1900’lü yıllarda İstanbul'da Üsküdar'da kahve satan ve yapan bilge Yusuf adında bir kahveci varmış… Her yerden insanlar bilge Yusuf’un sohbetini dinlemeye, iki çift nasihatını almaya gelirmiş…
Günlerden bir gün bu kahveye iri yarı bir Osmanlı yeniçerisi gelir... Kahveci bilge Yusuf'a ‘’Herkese benden okkalı bir kahve ikramdır’’ der ve sonra döner bir adamı işaret ederek, ‘’Şu Rum gemi kaptanına kahve yok demiş" kahveci herkese kahve dağıttıktan sonra iki kahve yapıp Rum kaptanın yanına oturur biz de seninle kahve içelim der"
Osmanlı yeniçeri hiddetle "Ben sana o kafire kahve yok demedim mi?" diye çıkışınca "Bu senin değil benim ikramımdır" diyerek cevap vermiş daha sonra Rum kaptanla oturup sohbet etmiş
Aradan 40 yıl geçer.

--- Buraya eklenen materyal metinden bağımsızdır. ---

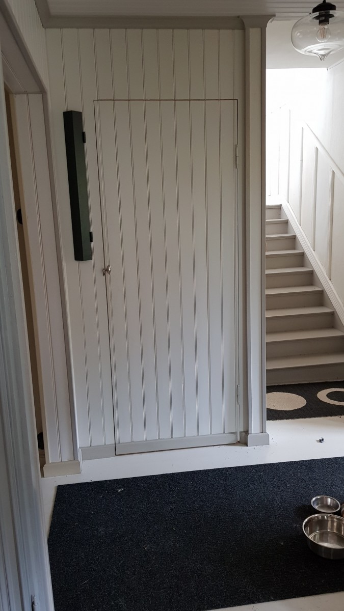 Vi har byggt om utrymmet vid och under trappan till ett jättebra förråd. Något som vi verkligen behövt.

Susam adasında büyük bir isyan çıkar ve o zamanda kahveci Yusuf'ta yeniçeri ocağına kayıtlı asker olduğu için adaya sevk edilir ve günler sonra esir düşer. Rumlar ele geçirdikleri Türk esirleri bir meydanda toplayıp satıyorlardı. Kahveci Yusuf ise bir Rum asker tarafından satın alınır, daha sonra arabasına bindirip ısız bir yere götürür, kahveci çok korkmuştur içinden ‘’Şimdi beni burada öldürecek’ ’derken Rum asker, ‘’Korkma sen beni tanımadın ama ben seni tanıdım. Hani bir Osmanlı yeniçeri bana hakaret ettiği zaman sen onu dinemeyip bana kahve ikram eden kahveci bilge Yusuf değil misin?" der. Kahveci dikkatli bakınca Rum kaptanı hatırlar ve kucaklaşırlar. Rum adam, 40 yıl önce kahve ikramını unutmamıştır … Sonra kahvecinin karnını bir güzel doyurur, cebine yol parasını koyar, gemiye bindirip İstanbul’a gönderir.
İşte anlatılana göre "Bir fincan kahvenin 40 yıl hatırı vardır" sözü bundan gelmektedir...
Kendinizi çok özel ve önemli hissetmeyi hiç unutmayın. Mutlu, keyifli kahve tadında güzel bir gününüz olsun İnşallah.